> _TASK ITEM_
Output exactly the lines below from the one containing "1月,新能源汽车产销分别完成" to the last line, both included. Omit pictures.

> _DATASET EXCERPT_
-*-

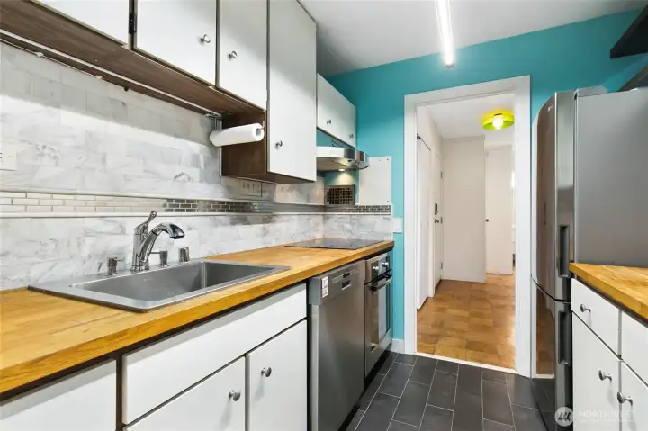 Fantastic value in a classic Mid-Century Modern, steel and concrete mid-rise in Seattle's historic First Hill neighborhood. This light filled, southeast corner unit is incredibly spacious and flooded with natural light with walls of windows, oak parquet floors, updated kitchen and bathrooms, and abundant in-unit storage. Common amenities include beautiful heated swimming pool, bike storage, common EV Charger, and car washing station. Close to grocery stores, restaurants, parks, museums, hospitals, public transit, downtown, and SLU. Secure garage parking, plus storage unit. Radiant heat, hot water, Google Fiber internet & on-site manager included in HOA dues. No rental cap!
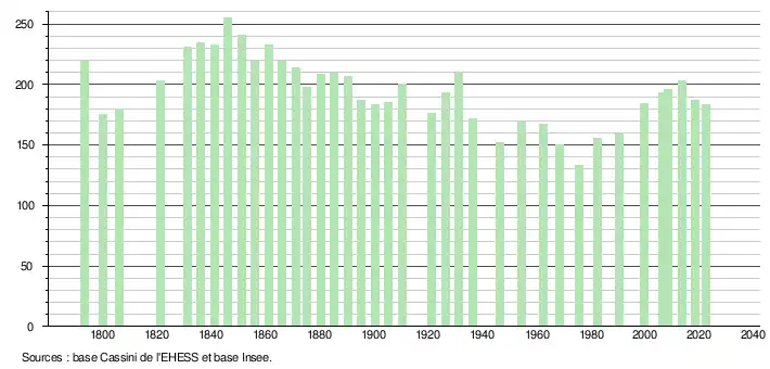 L'évolution du nombre d'habitants est connue à travers les recensements de la population effectués dans la commune depuis 1793. Pour les communes de moins de 10 000 habitants, une enquête de recensement portant sur toute la population est réalisée tous les cinq ans, les populations de référence des années intermédiaires étant quant à elles estimées par interpolation ou extrapolation[17]. Pour la commune, le premier recensement exhaustif entrant dans le cadre du nouveau dispositif a été réalisé en 2008[18].
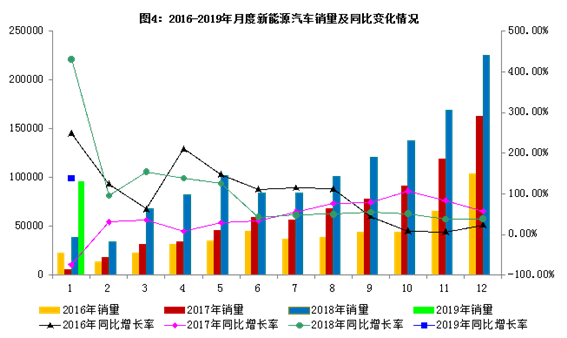 1月,新能源汽车产销分别完成9.1万辆和9.6万辆,同比分别增长113%和138%。其中,纯电动汽车产销分别完成6.7万辆和7.5万辆,同比分别增长141.1%和179.7%;插电式混合动力汽车产销分别完成2.4万辆和2.1万辆,同比分别增长59.9%和54.6%。
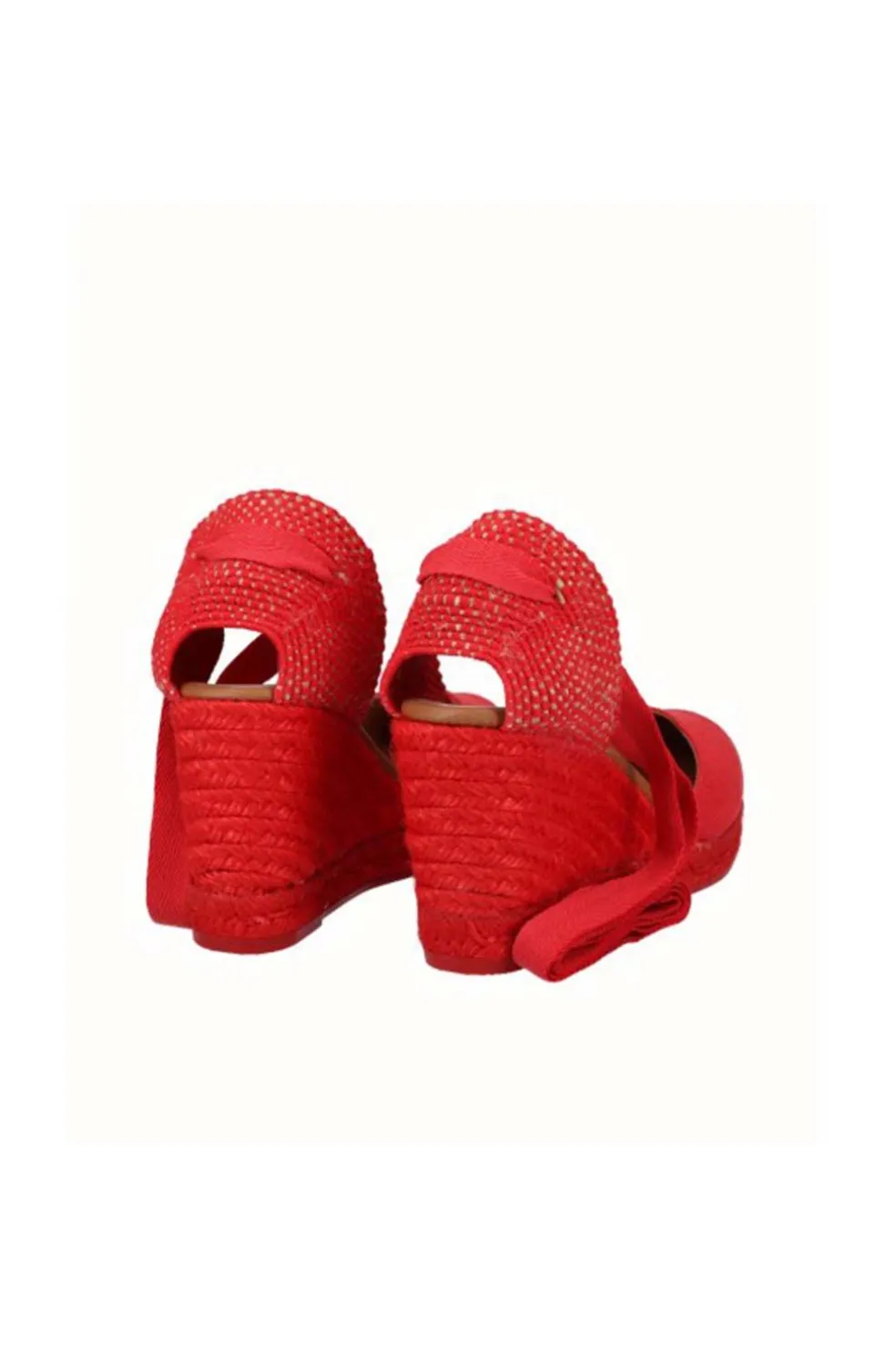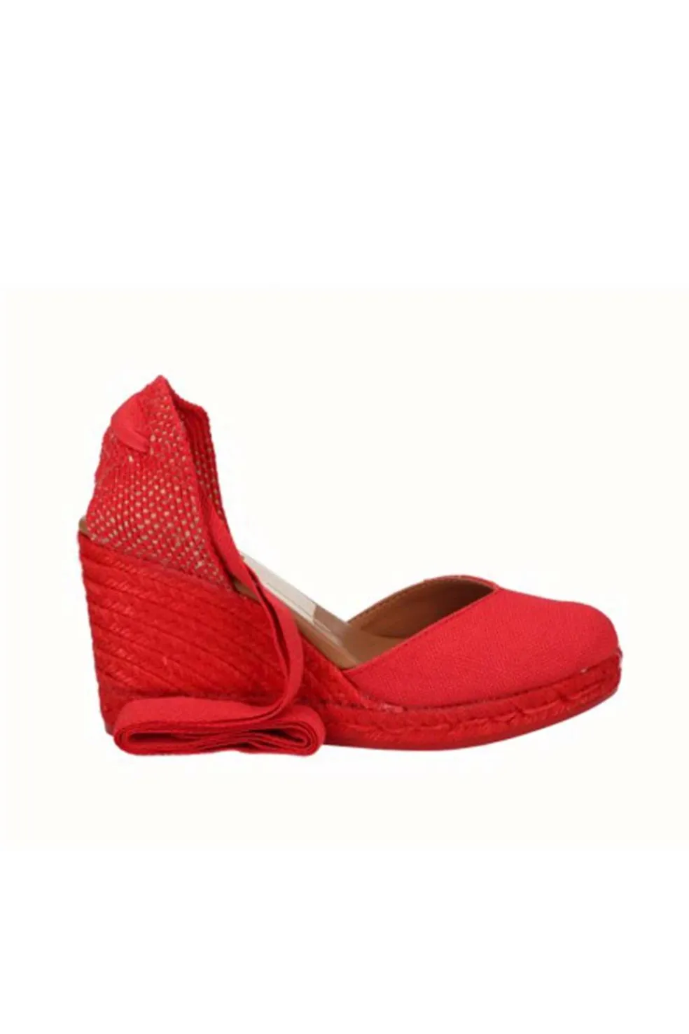 Alpargata valenciana con cintas, cuña alta de yute de 9 cm, de los cuales 6,5 cm son de cuña y 2,5 cm de plataforma. Fabricadas en lino de alta calidad y con plantilla de piel acolchada. Comodidad, durabilidad y versatilidad de un calzado 100% español.

-*-

> _SOLUTION_
 1月,新能源汽车产销分别完成9.1万辆和9.6万辆,同比分别增长113%和138%。其中,纯电动汽车产销分别完成6.7万辆和7.5万辆,同比分别增长141.1%和179.7%;插电式混合动力汽车产销分别完成2.4万辆和2.1万辆,同比分别增长59.9%和54.6%。
 Alpargata valenciana con cintas, cuña alta de yute de 9 cm, de los cuales 6,5 cm son de cuña y 2,5 cm de plataforma. Fabricadas en lino de alta calidad y con plantilla de piel acolchada. Comodidad, durabilidad y versatilidad de un calzado 100% español.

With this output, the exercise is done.